Need to lead the debate -- hopefully through consensus.
Soft Systems Thinking -- for accommodation, systems understanding from different perspectives.
John Warfield has been active doing this.
Also Peter Checkland, Russell Ackoff and West Churchman
Using subjective views, getting pluralism and understanding
Treating organizations not as machines, but as cultural artifacts or systems, and as political systems for resources and power.
No longer limited to mechanistic approaches.
Considerable development in systems thinking, and applied systems thinking.
Poses other problems: creative holism presents another approach.
We now have a number of different systems approaches, need to understand which of each should be applied.
Value of each approach.
Beyond that, we need to be able to use these approaches in a pluralistic approach.
No one method will work in every situation.
Have to be able to use these in combination
Could use mechanistic thinking, living thinking systems, political thinking ...

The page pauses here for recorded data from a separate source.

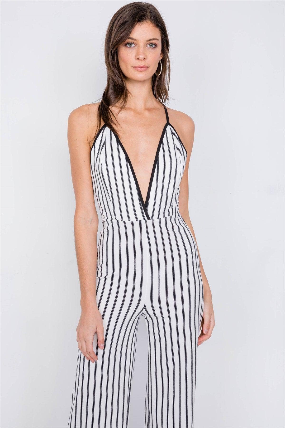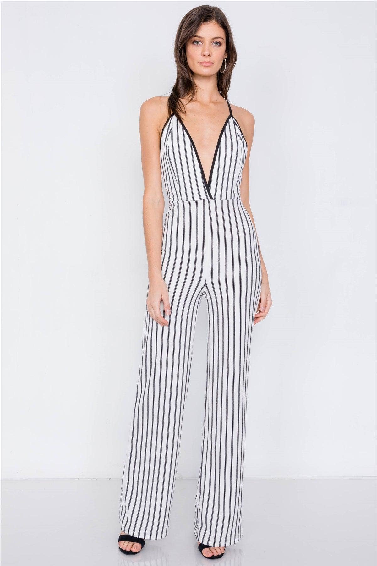 White & Black Trim Stripe V-Neck Criss-Cross Strap Back Jumpsuit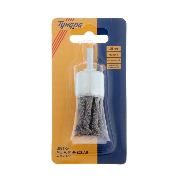 Щетка металлическая для дрели ТУНДРА, со шпилькой, крученая проволока, "чашка", 25 мм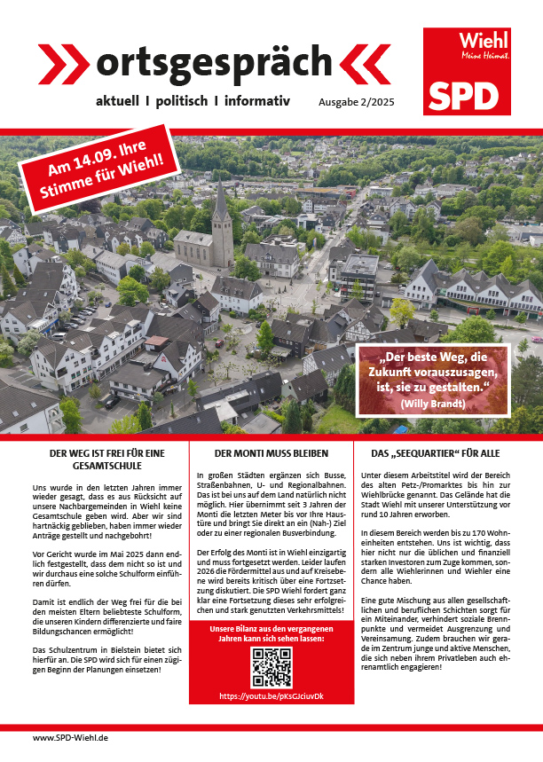 Seit 80 Jahren tragen wir nun ununterbrochen und maßgeblich Verantwortung für unsere Heimatstadt. Ohne die SPD wäre Wiehl nicht das, was es heute ist: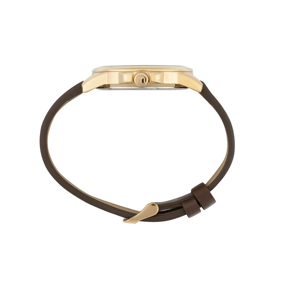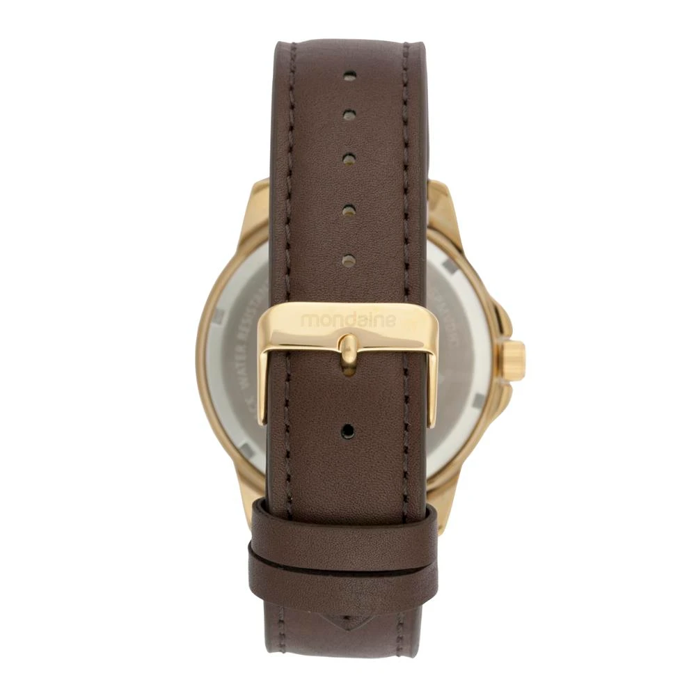 Caixa de MetalPulseira de Couro Ecológico MarromVidro de Cristal MineralFundo RosqueadoResistente à Água 5 AtmDiâmetro / Largura da Caixa: 44.00 MMFunção: AnalógicoMostrador Dourado com númerosAlimentação do Maquinário: BateriaGarantia de 1 Ano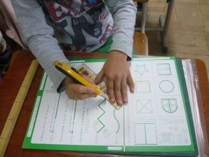 工作マットの上で紙を切るという練習をしました。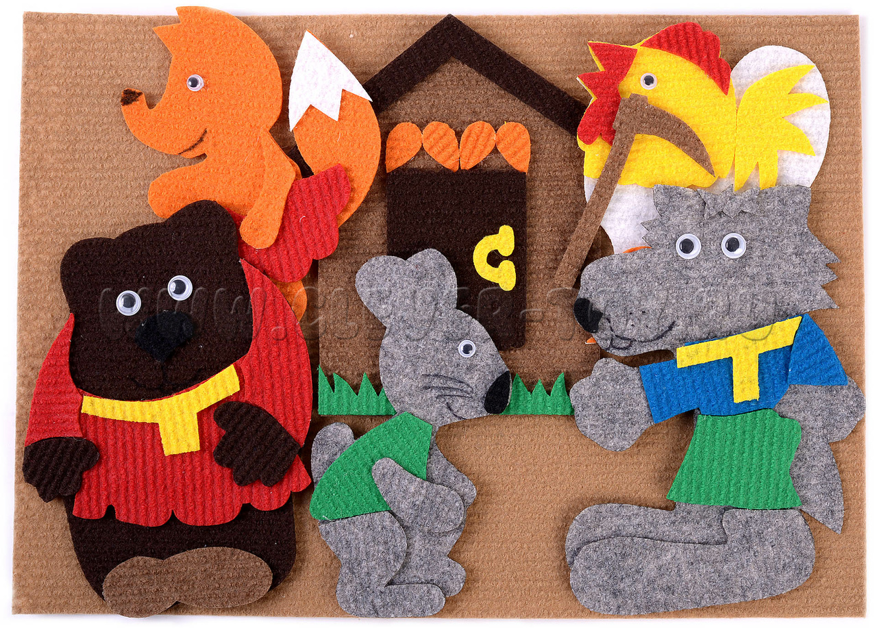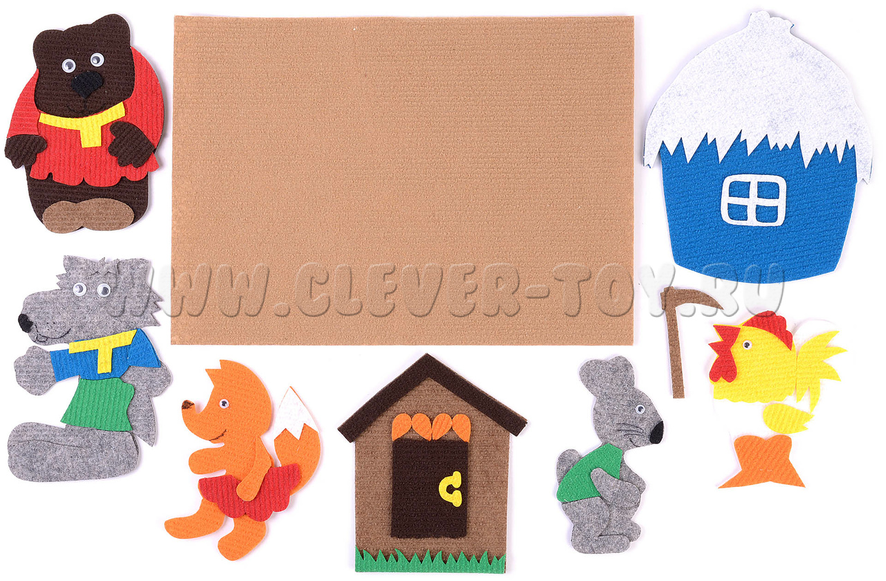 Игровой ковролиновый конструктор для дошкольников по мотивам сказки «Заюшкина избушка».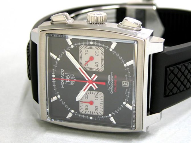 Дизайн заводной коронки воспроизводит конструкцию коронок, свойственную моделям первых выпусков. Логотипы Monaco и Tag Heuer.

e.g. like doctors looking at problems from many different perspectives.
Argument: creative holism is the kind of approach we want to management problems.
Then can deal with more serious problems.

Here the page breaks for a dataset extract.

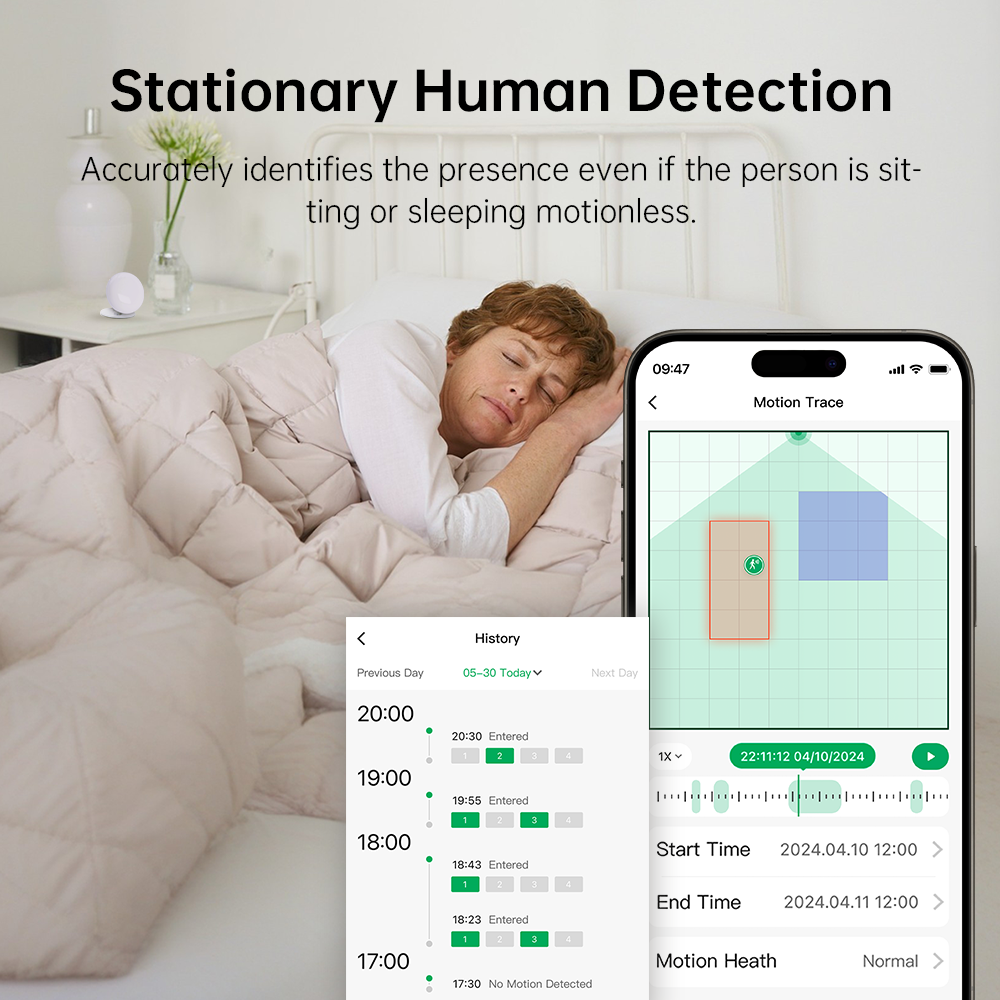 MULTI-ZONE POSITIONING & SMART AUTOMATIONS - No need for multiple sensors! With up to 4 customizable detection zones (e.g., sofa, bed, desk), simply tap and draw on a 100-grid map within the app. Set personalized automation rules for each zone with precision and ease.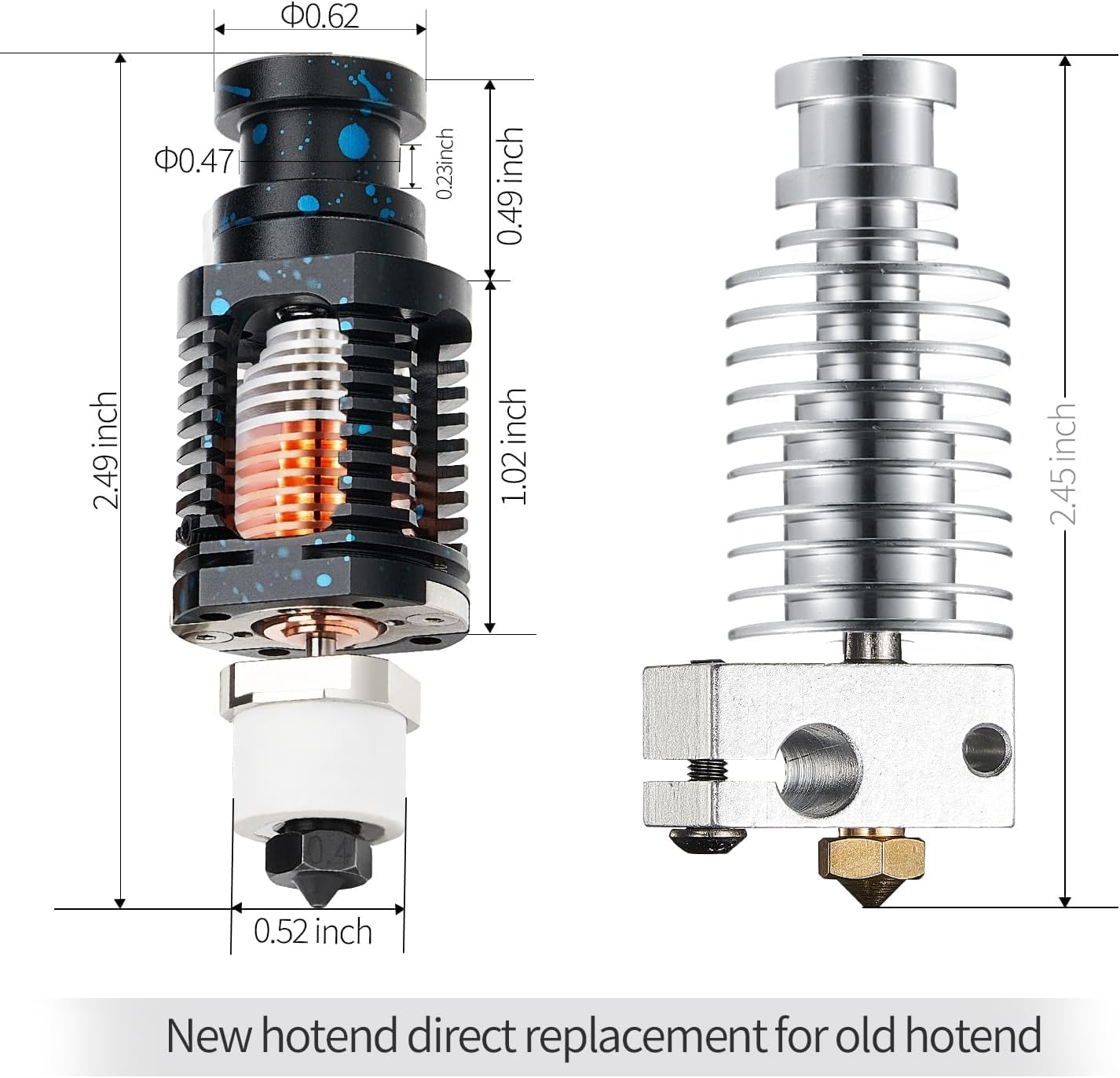 Les meilleures offres pour CHC V6 Hotend Ceramic All-Metal: Compatible with hot end Full kit Voron 0.1 V... sont sur Comparez les prix et les spécificités des produits neufs et d 'occasion Pleins d 'articles en livraison gratuite Buse durcie de qualité : la buse de v6 céramique Hot end Superior précision, pression à haute température de 450 °C et excellente résistance à l'usure, de sorte que l'impression PLA ABS fibre de carbone PEEK, etc Câble prolongé de 1,2 m : Voron 2., 4 hotend a un chauffage en céramique de 24 V 60 W et une thermistance 3950 100 K, offre une compatibilité transparente avec de nombreuses imprimantes 3D Triangle Labs K1 CHC V6 Hotend Céramique Tout Métal : Compatible Avec Hot End Hotend Tout Métal Imprimante 3D Haute qualité : céramique v6 hotend utilisation cuivre et alliage de titane construit dissipateur thermique, dissipation thermique 3 fois par rapport aux anciens dissipateurs thermiques Sant Kuee Chc-V6 Hotend 24 V 50 W Seramik Isıtma Çekirdek Baskı Kafası... 1., Noyau chauffant en céramique amélioré : meilleur pour un contrôle rapide et précis de la température, assure une puissance de chauffage uniforme., 2., Haute qualité : dissipateur thermique en cuivre et en alliage de titane, offre une meilleure efficacité de dissipation de la chaleur par rapport aux dissipateurs thermiques traditionnels., 3., Buse fabriquée avec précision : précision dimensionnelle exceptionnelle, température d'impression élevée de 450 °C et excellente résistance à l'usure, permet l'impression de différents consommables 3D., 4., Câble prolongé de 1,2 m : chauffage en céramique 24 V 60 W et thermistance 3950 100 K, offre une compatibilité transparente avec de nombreuses imprimantes 3D., 5., Installation facile : extrémité chaude facile à installer sur Voron V2., 4 Pursa, ou modifiée sur l'imprimante Ender 3 Series Prusa – kit Hotend i3 MK3 MK2S/MK2.5 avec chaussette en silicone

Conclusion: In thinking about organizations and society, it's not easy to say where the simple problems lie.
Four categories of difficulty:
1. Problems of prediction and control:
Increasing efficiency and productivity is still important.
2. Problems of gaining mutual understanding.
People need to share aspirations, beliefs of what they want to achieve.
3. Equality:
C.Y. Chung's book: the balance of efficiency and equality.
Empowerment and emancipation.
Unless we have greater equality, we won't achieve efficiency and control, or mutual understanding -- interconnection.
4. (In the postmodern era), how individuals can get personal satisfaction, to perform for the group.
How do people get meaning, when they don't share a religion or other grand narratives.
e.g. Marx or capitalism, don't believe that they're all the solution.
Still each need to live own lives, and get personal satisfaction.
We can use creative holism to face the challenges of the 21st century.